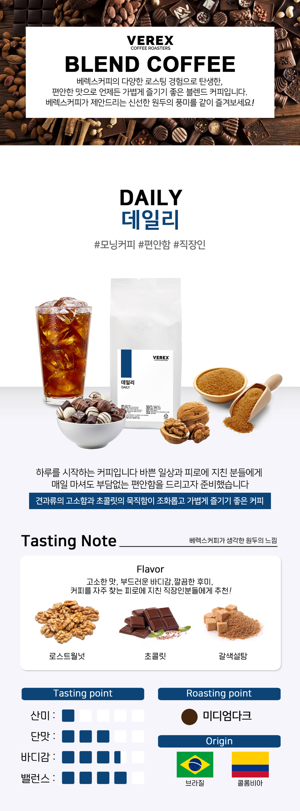 견과류의 고소함과 다크 초콜릿의 묵직한 맛이 조화를 이뤄 매일 즐기기 좋은 커피 블렌드
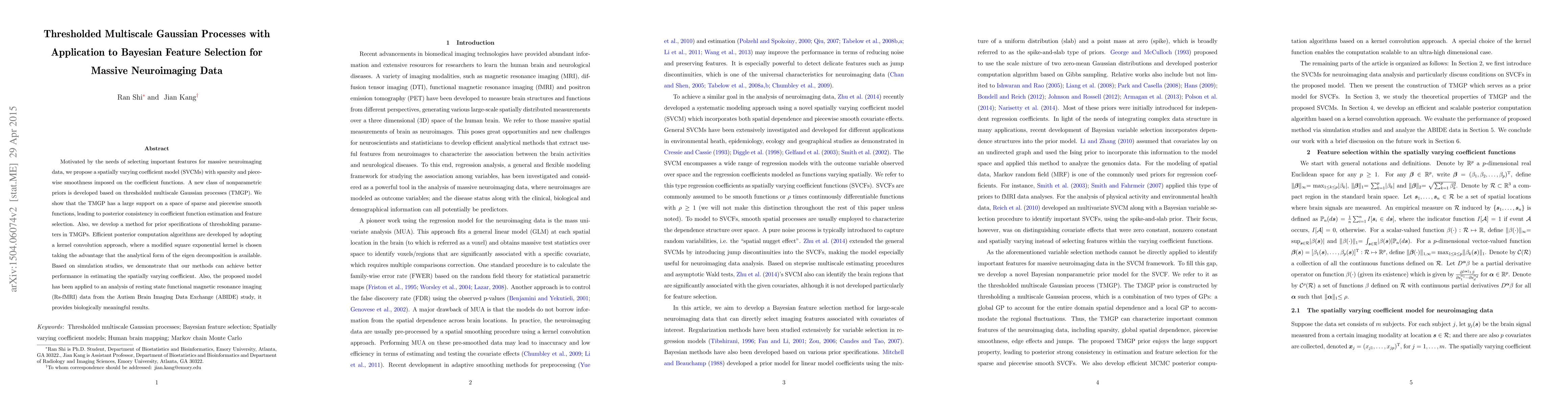This paper proposes a spatially varying coefficient model with sparsity and smoothness constraints for selecting important features in massive neuroimaging data. The authors develop a new class of nonparametric priors based on thresholded multiresolution Gaussian processes, demonstrating posterior consistency and efficient posterior computation algorithms. The method is shown to outperform existing techniques in simulations and provides meaningful results in analyzing Rs-fMRI data from the ABIDE study.
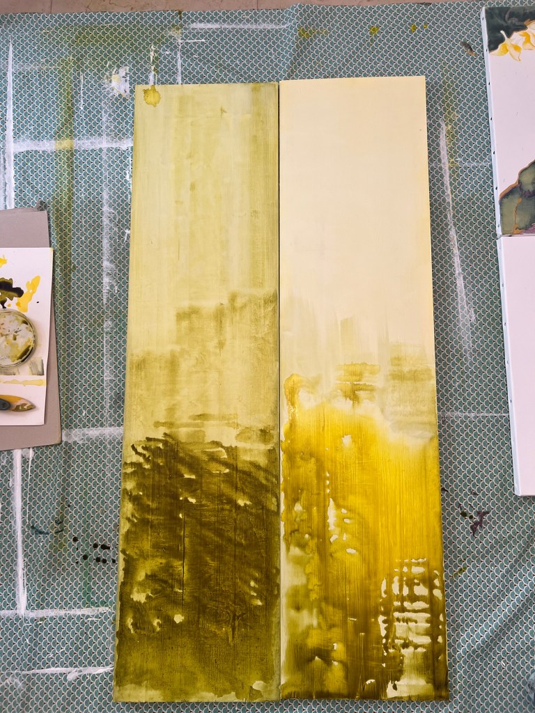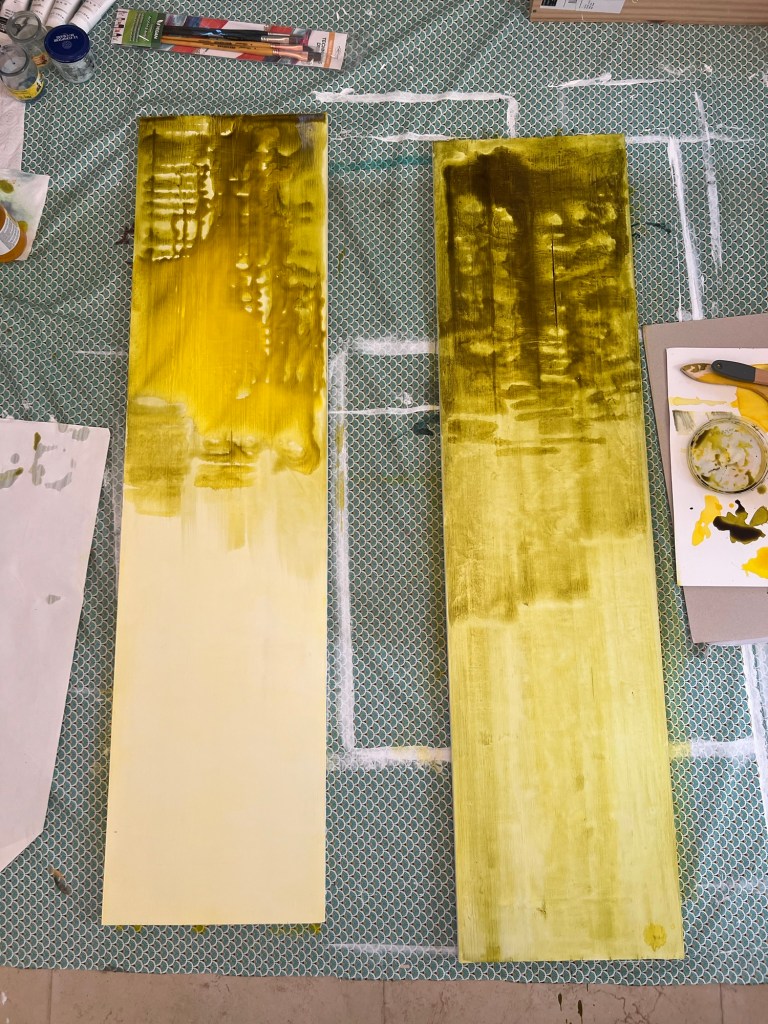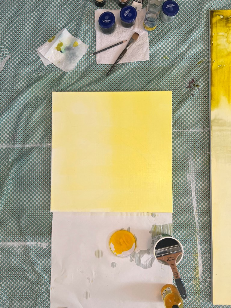 Today I worked for an hour creating a background to continue with one item of my Garden project, which I started on 6 separate canvases earlier. I have been thinking about this project, and didn’t continue because I was unsure about the background colour. After I tested the bright yellow on the wooden board for different projects, I realised I wanted the same hue for the canvas fragment. Working on two projects simultaneously stimulates my creativity, helping me find solutions for postponed ones.
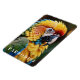 This magnet is shown with a photo art print of a beautiful tropical parrot.
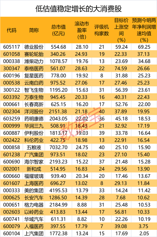 低估值稳增长股出炉

### Goal of the exercise
Line by line, write out the material above exactly, with no images.

### Exercise response
 견과류의 고소함과 다크 초콜릿의 묵직한 맛이 조화를 이뤄 매일 즐기기 좋은 커피 블렌드
This paper proposes a spatially varying coefficient model with sparsity and smoothness constraints for selecting important features in massive neuroimaging data. The authors develop a new class of nonparametric priors based on thresholded multiresolution Gaussian processes, demonstrating posterior consistency and efficient posterior computation algorithms. The method is shown to outperform existing techniques in simulations and provides meaningful results in analyzing Rs-fMRI data from the ABIDE study.
 Today I worked for an hour creating a background to continue with one item of my Garden project, which I started on 6 separate canvases earlier. I have been thinking about this project, and didn’t continue because I was unsure about the background colour. After I tested the bright yellow on the wooden board for different projects, I realised I wanted the same hue for the canvas fragment. Working on two projects simultaneously stimulates my creativity, helping me find solutions for postponed ones.
 This magnet is shown with a photo art print of a beautiful tropical parrot.
 低估值稳增长股出炉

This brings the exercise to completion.